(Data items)
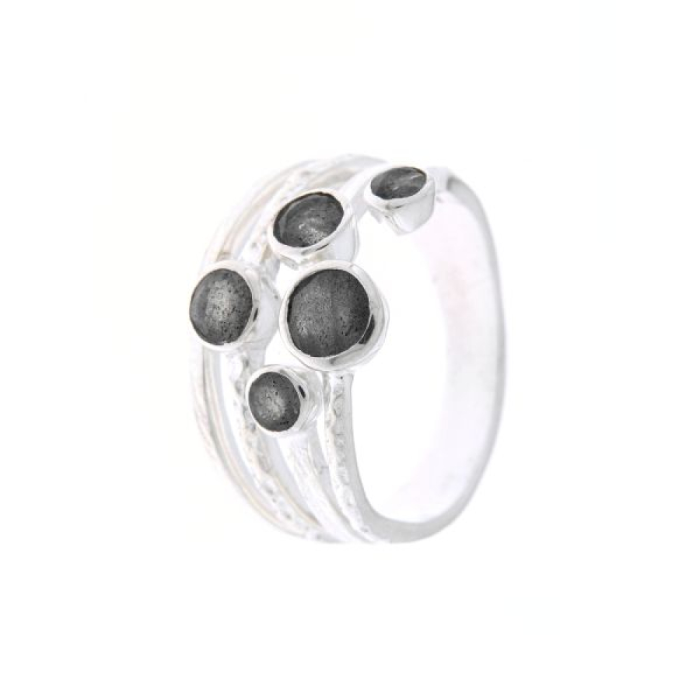 De zilveren ring heeft facet geslepen edelstenen. De vorm van de edelstenen zijn rond met een afmeting van 3, 4 en 5 mm.
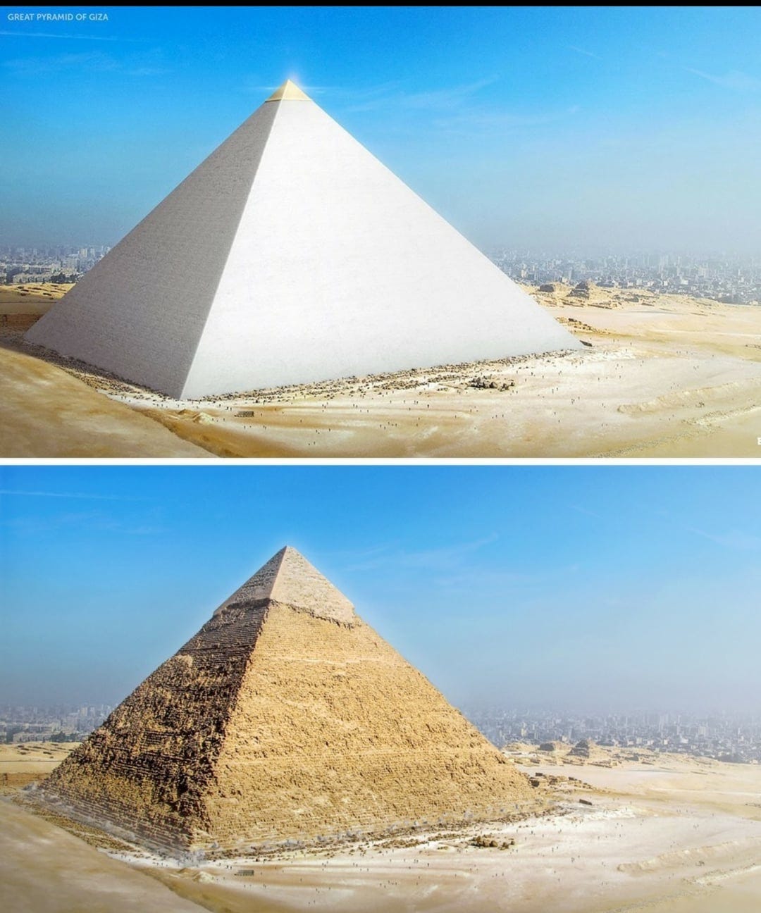 The pyramids were quarried for building material. The original white limestone that covered the pyramids is gone because it was stripped for building in Cairo.
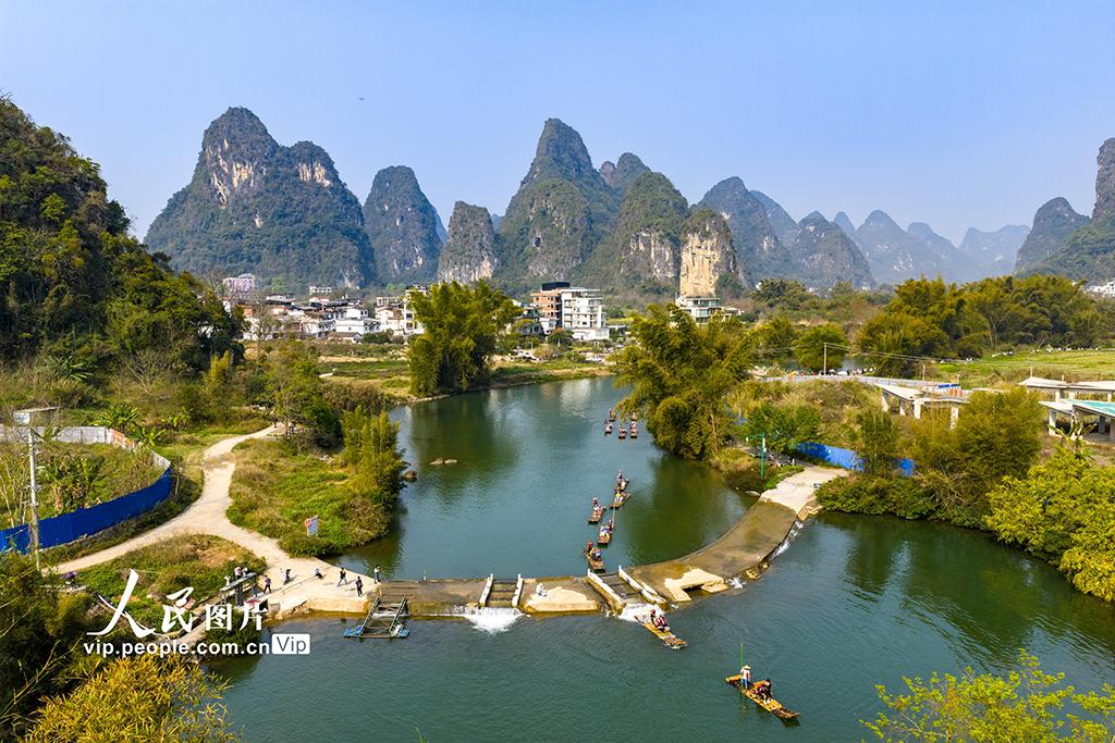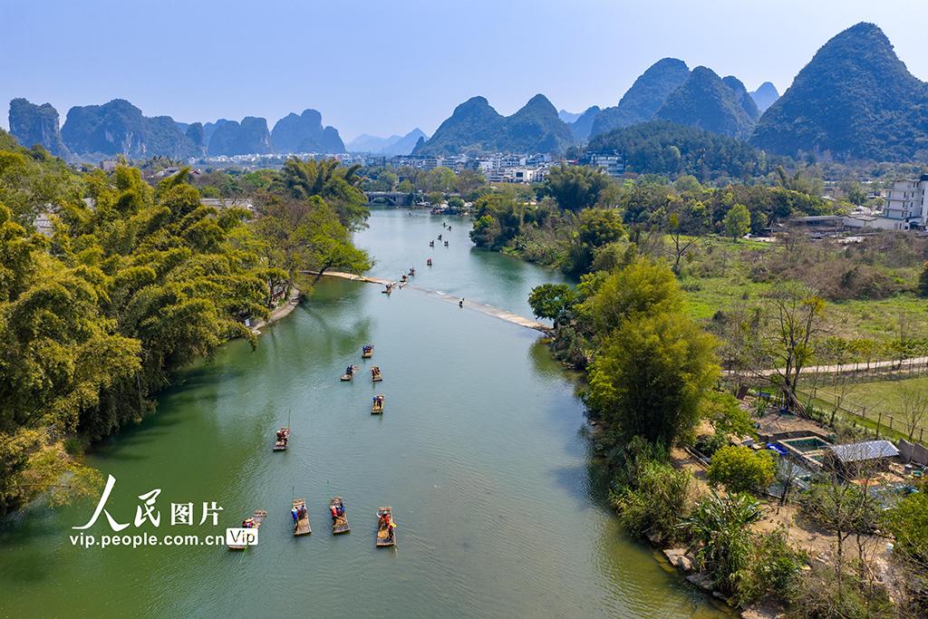 2026年3月14日,在广西桂林阳朔县,众多游客乘坐竹筏游览遇龙河股票股指配资,欣赏沿岸的山水风光。黄胜林摄(人民图片网)
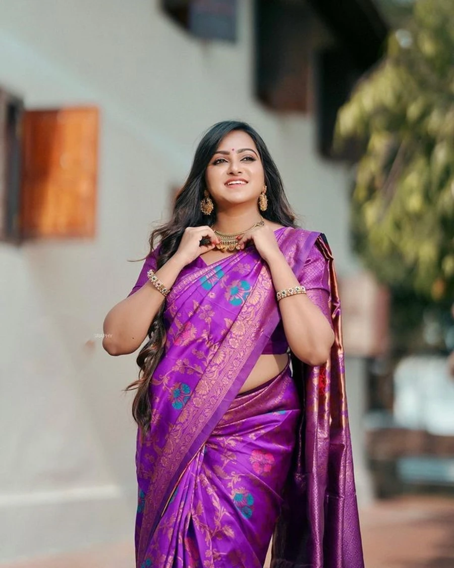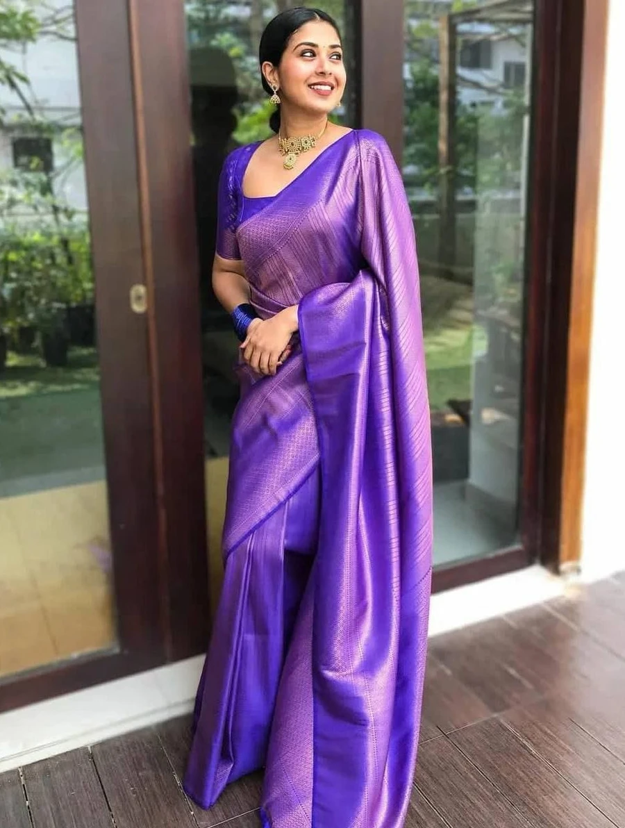 RICH LOOK LICHI SILK JACQUARD BORDER COPPER WORK SAREE WITH UNSTITCHED BLOUSE PURPLE
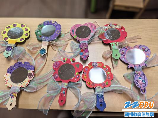 “以我小手,映你容颜,照见妈妈,框住温暖!”装饰小镜子制作现场更是精彩纷呈,原本光秃秃的小镜子,在孩子们的巧思与巧手下渐渐焕发生机、华丽变身。孩子们用柔软的纸粘土,捏造出娇艳的花朵、饱满的爱心、灵动的波浪等各样造型,细心地点缀在镜子边缘;再将彩色小珠子、闪亮亮片、精美卡纸等材料一一粘贴,最后拿起水彩笔勾勒出精致的花边,每一处设计都独具匠心。星空款、花园款、爱心款……一面面专属小镜子精致可爱,每一道纹路、每一颗装饰,都承载着孩子们对妈妈满满的祝福。

▶ ABOUT THIS EXERCISE:
Each record above must be retyped exactly as given, with the images excluded.

▶ WRITTEN ANSWER:
 De zilveren ring heeft facet geslepen edelstenen. De vorm van de edelstenen zijn rond met een afmeting van 3, 4 en 5 mm.
 The pyramids were quarried for building material. The original white limestone that covered the pyramids is gone because it was stripped for building in Cairo.
 2026年3月14日,在广西桂林阳朔县,众多游客乘坐竹筏游览遇龙河股票股指配资,欣赏沿岸的山水风光。黄胜林摄(人民图片网)
 RICH LOOK LICHI SILK JACQUARD BORDER COPPER WORK SAREE WITH UNSTITCHED BLOUSE PURPLE
 “以我小手,映你容颜,照见妈妈,框住温暖!”装饰小镜子制作现场更是精彩纷呈,原本光秃秃的小镜子,在孩子们的巧思与巧手下渐渐焕发生机、华丽变身。孩子们用柔软的纸粘土,捏造出娇艳的花朵、饱满的爱心、灵动的波浪等各样造型,细心地点缀在镜子边缘;再将彩色小珠子、闪亮亮片、精美卡纸等材料一一粘贴,最后拿起水彩笔勾勒出精致的花边,每一处设计都独具匠心。星空款、花园款、爱心款……一面面专属小镜子精致可爱,每一道纹路、每一颗装饰,都承载着孩子们对妈妈满满的祝福。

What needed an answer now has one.